Как мы видим, трагическое воззрение в «Вакханках» стремится к той же цели, что и в «Царе Эдипе». Она растворяет мифологические и ритуальные ценности во взаимном насилии. Она обнажает произвольность всех различий. Она неумолимо подводит нас к решающему вопросу по поводу как мифа, так и всего культурного порядка в целом. Софокл останавливается, не задав этот вопрос, и подорванные ценности мифа в конечном счете заново подтверждаются. В случае «Вакханок» происходит то же самое. Сперва симметрия утверждается настолько беспощадно, что стирает, как мы только что видели, различия между человеком и богом. Божественное превратилось всего лишь в предмет спора между двумя соперниками:
Не правда ли, тебе приятно, когда народ толпится у дверей дворца, когда город величает имя Пенфея? Так же и он, полагаю я, радуется, когда его чествуют
Однако в финале пьесы специфичность божественного заново утверждена, причем самым страшным образом. Начинает казаться, что схватка между всемогуществом Диониса и греховной слабостью Пенфея была неравной с самого начала. Торжествуя, различие снова скрывает трагическую симметрию. И сама трагедия в очередной раз оказывается колебанием между дерзостью и робостью. В случае Софокла только противоречие между симметрией трагического действия и асимметрией мифологического содержания позволяет утверждать, что поэт, сознательно или нет, отступил перед еще большей дерзостью. В случае «Вакханок» перед нами те же текстовые оппозиции, и тот же тип анализа приведет нас к тем же выводам: Еврипид тоже отступает перед еще большей дерзостью. Но на этот раз отступление это не молчаливое. Во многих трагедиях есть пассажи — слишком откровенные и частые, чтобы от них отмахнуться, — которые обнажают решение поэта и пытаются его оправдать:
Необузданным речам, попирающему закон и веру неразумию конец — несчастье… Не в том, стало быть, мудрость, чтобы мудрствовать и возвышаться в своей гордыне над долею смертного. Коротка наша жизнь; кто тем не менее ставит себе слишком высокую цель, тот лишает себя даже минутных радостей жизни; безумным, полагаю я, и нездравомыслящим людям свойствен такой нрав… Вот где мудрость: умом и сердцем сторониться от безмерно умных людей. Веру и обряды простого народа — их принимаем и мы
Критики расходятся по вопросу о смысле подобных пассажей, и большая часть современной полемики о Еврипиде вертится вокруг этой проблемы. Но, возможно, весь вопрос изначально ложен из-за постулата, общего для всех толкователей и кажущегося им настолько неоспоримым, что они его даже не формулируют. Этот постулат касается природы того знания, перед которым поэт отступает. Решено a priori, что не может иметься в виду то знание, которого нет у нас. Мысль, будто столь далекий от «современности» поэт, как Еврипид, мог затронуть опасность, нам совершенно неведомую, угадывать истину, нам совершенно недоступную, кажется слишком смехотворной, чтобы ее обсуждать.

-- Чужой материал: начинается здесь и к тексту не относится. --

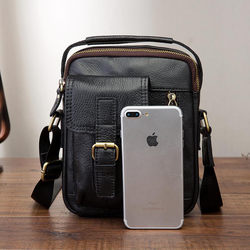Design: Vintage Black Leather Men's Small Side Bag Handbag Shoulder Bag For MenOverview: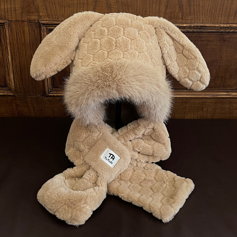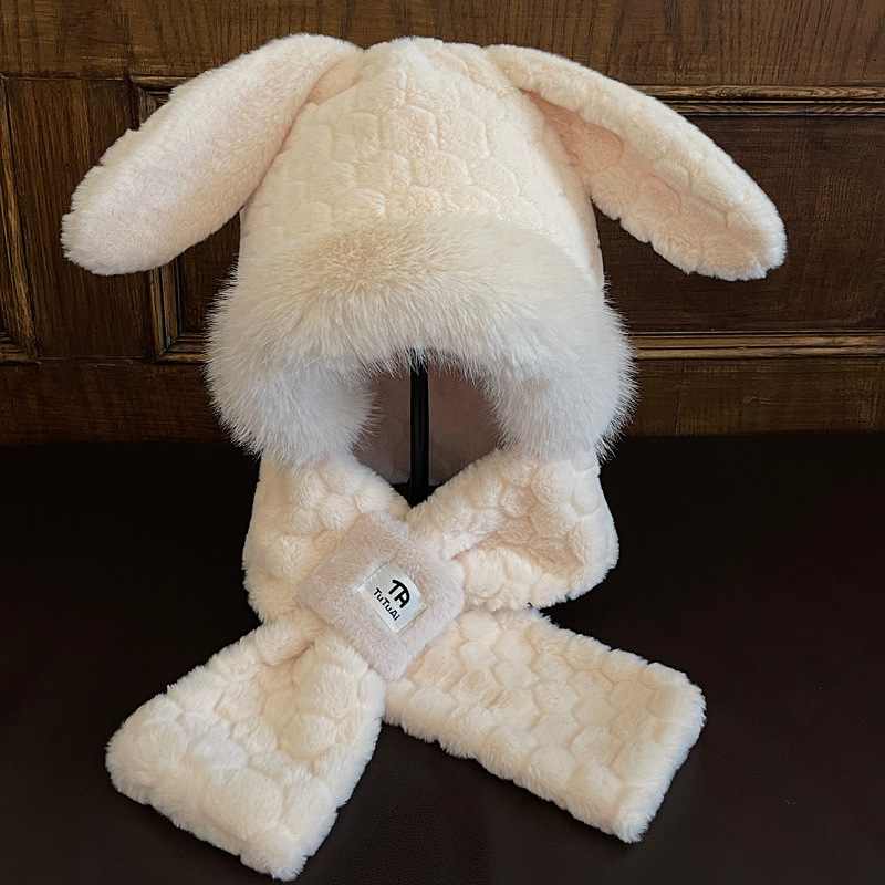 Cute Bunny Ear Hat Scarf Combo for Women Winter Korean Style Face Slimming Fleece Lined Thickened Plush Ear Protection Lei Feng Hat

Современные люди убеждены, что Еврипид отступает перед скептицизмом, которым сами они так гордятся и который не может найти у религии никакого реального предмета и объявляет его просто «воображаемым». Принято считать, что Еврипид не решается — из-за моральных приличий или просто из-за предрассудков — признать, что религия — это сплошная мистификация, «утешительная» или «репрессивная» в зависимости от обстоятельств иллюзия, «фантазм».
Романтический и современный интеллектуал считает себя самым беспощадным идолоборцем в истории человечества. Он спрашивает, не слишком ли Еврипид «буржуазен» для того почета, которым его всегда окружала традиция.

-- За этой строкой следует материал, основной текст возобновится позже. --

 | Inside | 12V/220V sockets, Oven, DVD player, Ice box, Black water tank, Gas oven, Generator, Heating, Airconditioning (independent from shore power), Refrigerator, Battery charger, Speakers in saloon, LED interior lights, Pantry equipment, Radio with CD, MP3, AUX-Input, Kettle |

Но Еврипид, в отличие от современного человека, говорит не столько в категориях религиозной «веры», сколько в категориях нарушенных границ и страшного знания, расположенного за этими границами. Речь, судя по всему, идет не о действительно праздном выборе между равно абстрактными «верой» и «неверием». На карту поставлено нечто иное и более существенное, нежели пустой скептицизм относительно богов. Это нечто иное, до сих пор ни разу не замеченное, тем не менее прекрасно поддается расшифровке даже и в самом тексте «Вакханок».

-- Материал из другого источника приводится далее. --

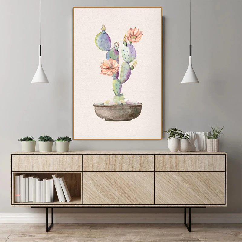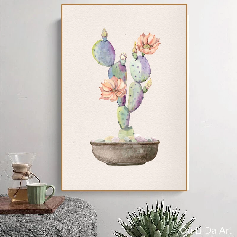 Художественная картина в горшке, цветок кактуса, картина маслом на холсте, плакаты и принты, современная картина для украшения стен дома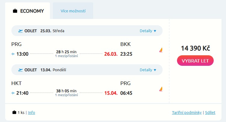 Náhled letenky z Prahy do Thajska za 14 390 Kč

Убийство Пенфея предстает одновременно и как пароксизм, и как ликвидация кризиса, вызванного самим богом, как «месть» в ответ на неверие фиванцев и прежде всего собственной семьи Диониса. Устроив смерть Пенфея, бог изгоняет из городка остатки этой семьи. Мир и порядок могут вернуться в Фивы, которые с этих пор станут воздавать новому божеству те почести, каких оно требует. Убийство предстает одновременно и как результат действий божества, и как спонтанная вспышка. Действия божества встроены в рамки уже ритуализованного жертвоприношения. Роль жреца играет сам бог; он готовит будущую жертву; приятное ему жертвоприношение — то же самое, что и месть, которая его наконец умилостивит. Дионис, под предлогом устройства прически и одежды Пенфея, ритуально прикасается к его голове, туловищу и ногам. Само убийство разворачивается согласно дионисийским обычаям; в нем узнается спарагмос, характерные черты которого совпадают с чертами многих жертвоприношений, упомянутых выше:
1) в убиении участвуют все вакханки. Здесь мы сталкиваемся с требованием единодушия, играющим важную роль во многих ритуалах;
2) оружие не используется; жертву разрывают голыми руками. И здесь тоже спарагмос не уникален. Мы уже видели два примера коллективного безоружного навала: один — в жертвоприношении динка, а другой — у инквала-свази, когда убивают замещающую царя корову. Можно было бы привести множество аналогичных примеров. У тезиса Рудольфа Отто, будто дионисийствующий грек — нечто совершенно уникальное, нет ни малейшего основания. В мифе и в культе Диониса нет ни единой черты, для которой нельзя было бы найти множества соответствий в первобытных обществах.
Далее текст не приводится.